Let $f:\mathbf{R}\to \mathbf{R},g:\mathbf{R}\to \mathbf{R}$ be two functions given by $f\left(x\right)=2x-3,g\left(x\right)=x^3+5$. Then $(f\circ g{)}^{-1}(x)$ is equal to

$f\left(x\right)=2x-3,g\left(x\right)=x^3+5$ are bijections and hence 

$f^{-1}\text{ and }{g}^{-1}$ both exist. 

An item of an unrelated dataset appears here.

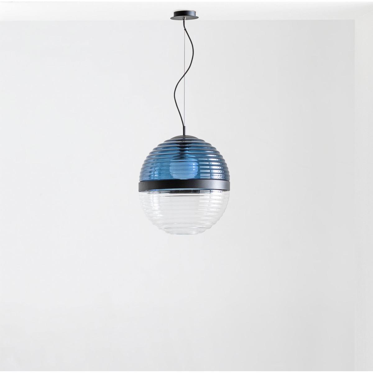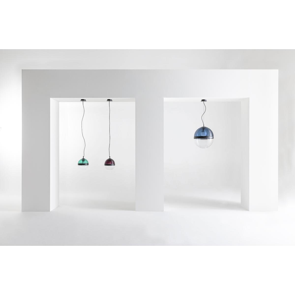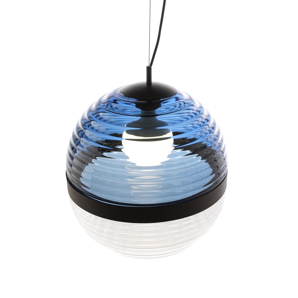 The Cord pendant light from German designer Werner Aisslinger is a blend of contemporaneity and tradition. It's made up of a two-tone sphere made by combining two ridged, blown-glass spheres which are connected by a black metal ring. The lower element is transparent, whilst the upper element is coloured. These alternating colours and transparencies give the Cord Lamp the perfect balance between past and present. The Cord pendant light creates a warm, embracing light. The glass shells are created by master glass-blowers. Given the hand-crafted manufacture of the glass, any air bubbles or colour variations are added value for the design.

$\begin{array}{l}\mathit{y}=2x-3\Rightarrow x=\frac{y+3}{2}\\ \therefore f^{-1}\left(y\right)=\frac{y+3}{2}\\ \therefore f^{-1}\left(x\right)=\frac{x+3}{2}\to \left(1\right)\\ y=x^3+5\\ \\ \Rightarrow x=(y-5{)}^{1/3}=g^{-1}(y)\\ \therefore g^{-1}\left(x\right)=(x-5{)}^{1/3}\\ \therefore (fog{)}^{-1}x=\left(g^{-1}\right.{\text{o f}}^{-1}\text{) x }\\ =g^{-1}\left[f^{-1}\left(x\right)\right]=g^{-1}\left[\frac{x+3}{2}\right]\text{ by }\left(1\right)\\ ={\left(\frac{x+3}{2}-5\right)}^{1/3}={\left(\frac{x-7}{2}\right)}^{1/3}\end{array}$